NeuTraL AD

PAPER: Neural Transformation Learning for Deep Anomaly Detection Beyond Images

Motivations

Data augmentations play an important role in self-supervised learning. Specifically, images are transformed into different views for auxiliary tasks like contrastive learning or mask prediction to obtain a good intermediate representation for downstream tasks. However, we have to admit that it is often unclear which transformations to use. For data other than images, such as time series or tabular data, it is much less well known which transformations are useful, and it is hard to design these transformations manually. Thus, the intuition behind this model NeuTraLAD is to create series of learnable data augmentation and discriminate them.

Here are Some transformations used in this paper: ($M_k$ is a learnable mask)
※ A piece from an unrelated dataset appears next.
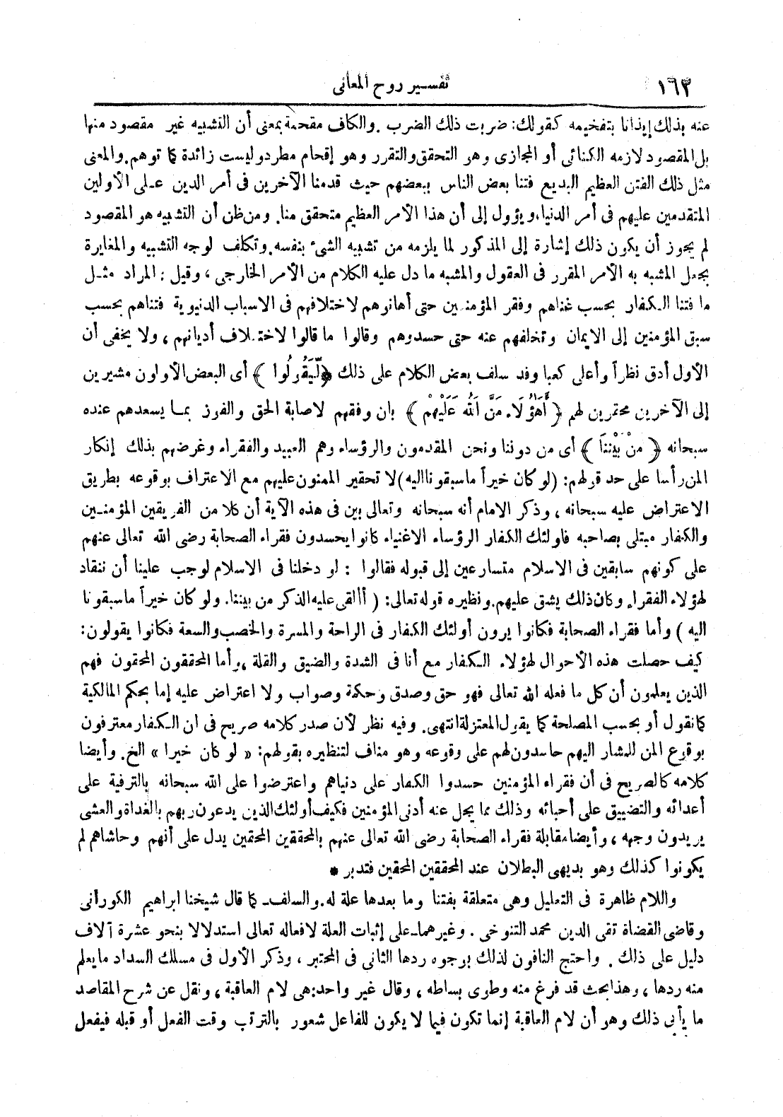 عنهعنه بذلك إيذانا بتفخيمه كقولك : ضربت ذلك الضرب والكاف مقحمة بمعنى أن التشبيه غير مقصود منها بل المقصود لازمه الكنائي أو المجازي وهو التحقق والتقرر وهو إقحام مطرد وليست زائدة كما توهم والمعنى مثل ذلك الفتن العظيم البديع فتنا بعض الناس ببعضهم حيث قدما الآخرين في أمر الدين على ألاولين المتقدمين عليهم في أمر الدنيا ويؤول إلى دا الأمر العظيم متحقق منا ومن ظن أن التشبيه هو المقصود لم يجوز أن يكون ذلك إشارة إلى المذكور لما يلزمه من تشبيه الشيء بنفسه وتكلف لوجه التشبيه والمغايرة بجعل المشبه به الأمر المقرر في العقول والمشبه ما دل عليه الكلام من الأمر الخارجي وقيل : المراد مثل ما فتنا الكفار بحسب غناهم وفقر المؤمنين حتى أهانوهم لاخلافهم في الاسباب الدنيوية فتناهم بحسب سبق المؤمنين إلى الايمان وتخلفهم عنه حتى حسدوهم وقالوا ما قالوا لاختلاف أديانهم ولا يخفى أن الأول أدق نظرا أو أعلى كعبا وقد سلف بعض الكلام على ذلك ليقولوا أي البعض الأولون مشيرين الى ألآخرين محقرين لهم أهؤلاء من الله عليهم بان وفقهم لاصابة الحق والفوز بما يسعدهم عنده سبحانه من بيننا أي من دوننا ونحن المقدمون والرؤساء وهم العبيد والفقراء وغرضهم بذلك إنكار المن رأسا على حد قولهم : لو كان خيرا لما سبقونا إليه لا تحقير الممنون عليهم مع الاعتراف بوقوعه بطريق الاعتراض عليه سبحانه وذكر الامام أنه سبحانه وتعالى بين في هذه الآية أن كلا من الفريقين المؤمنين والكفار مبتلى بصاحبه فأولئك الكفار الرؤساء الأغنياء كانوا يحسدون فقراء الصحابة رضي الله تعالى عنهم على كونهم سابقين في الاسلام متسارعين إلى قبوله فقالوا : لو دخلنا في الاسلام لوجب علينا أن ننقاد لهؤلاء الفقراء وكان ذلك يشق عليهم ونظيره قوله تعالى : أألقي عليه الذكر من بيننا ولو كان خيرا ما سبقونا اليه وأما فقراء الصحابة فكانوا يرون أولئك الكفار في الراحة والمسرة والخصب والسعة فكانوا يقولون كيف حصلت هذه الأحوال لهؤلاء الكفار مع أنا في الشدة والضيق والقلة والمحققون المحقون فهم الذين يعلمون أن كل ما فعله الله تعالى فهو حق وصدق وحكمة وصواب ولا اعتراض عليه إما بحكم المالكية كما نقول أو بحسب المصلحة كما يقول المعتزلة انتهى وفيه نظر لأن صدر كلامه صريح في أن الكفار معترفون بوقوع المن المشار اليهم حاسدون لهم على وقوعه وهو مناف لتنظيره بقولهم : لو كان خيرا الخ وأيضا كلامة كالصريح في أن فقراء المؤمنين حسدوا الكفار على دنياهم واعترضوا على الله سبحانه بالترفيه على أعدائه والتضييق على أحبائه وذلك مما يجل عنه أدنى المؤمنين فكيف أولئك الذين يدعون ربهم بالغداة والعشي يريدون وجهه وأيضا مقابلة فقراء الصحابة رضي الله تعالى عنهم بالمحققين المحقين يدل على أنهم وحاشاهم لم يكونوا كذلك وهو بديهي البطلان عند المحققين المحقين فتدبر

feed forward $T_k(x):=M_k(x)$
residual $T_k(x):=M_k(x)+x$
multiplicative $T_k(x):=M_k(x)\odot x$

NeuTraL AD

NeuTraL AD is a simple pipeline with learnable data augmentations optimized by a deterministic contrastive loss (DCL) to cope with anomaly detection. Considering data space $\chi$ with samples $D={x^{(i)}\sim\chi}_{i=1}^N$ and $K$ transformations $T:={T_1,\dots,T_K\vert T_k:\chi\rightarrow\chi}$. We assume here that the transformations are learnable with the parameters of transformation $T_k$ by $\theta_k$. DCL encourages each transformed sample $x_k=T_k(x)$ to be similar to its original sample $x$, while encouraging it to be dissimilar from other transformed versions of the same sample, $x_l=T_l(x)$ with $l\not=k$. We define $h(x_k,x_l)$ (in this paper they used cosine similarity) to measure the similarity between $x_k$ and $x_l$. Then DCL is as follows:

\[L_{DCL}=\mathbb{E}_{x\sim D}-\sum_{k=1}^K\log\frac{h(x_k,x)}{h(x_k,x)+\sum_{l\not=k}h(x_k,x_l)}\]

Unlike prevalent parallel contrastive learning framework, NeuTraL AD emphasizes the discrepancy among different transformations. Thus, the positive samples are the original data and its different views; the negative samples are from the same original $x$ with different transformation $T_l$. One advantage of this approach over other methods is that its training loss is also anomaly score. Since the score is deterministic, it can be straightforwardly evaluated for new data points $x$ without original negative samples.

\[S(x)=-\sum_{k=1}^K\log\frac{h(x_k,x)}{h(x_k,x)+\sum_{l\not=k}h(x_k,x_l)}\]

The idea of NeuTraL AD is novel because it treats each transformed view as a new class and optimize the model by contrastive loss, which is a little similar to meta-learning. Future work should pay more attention to the discrepancy among different transformation.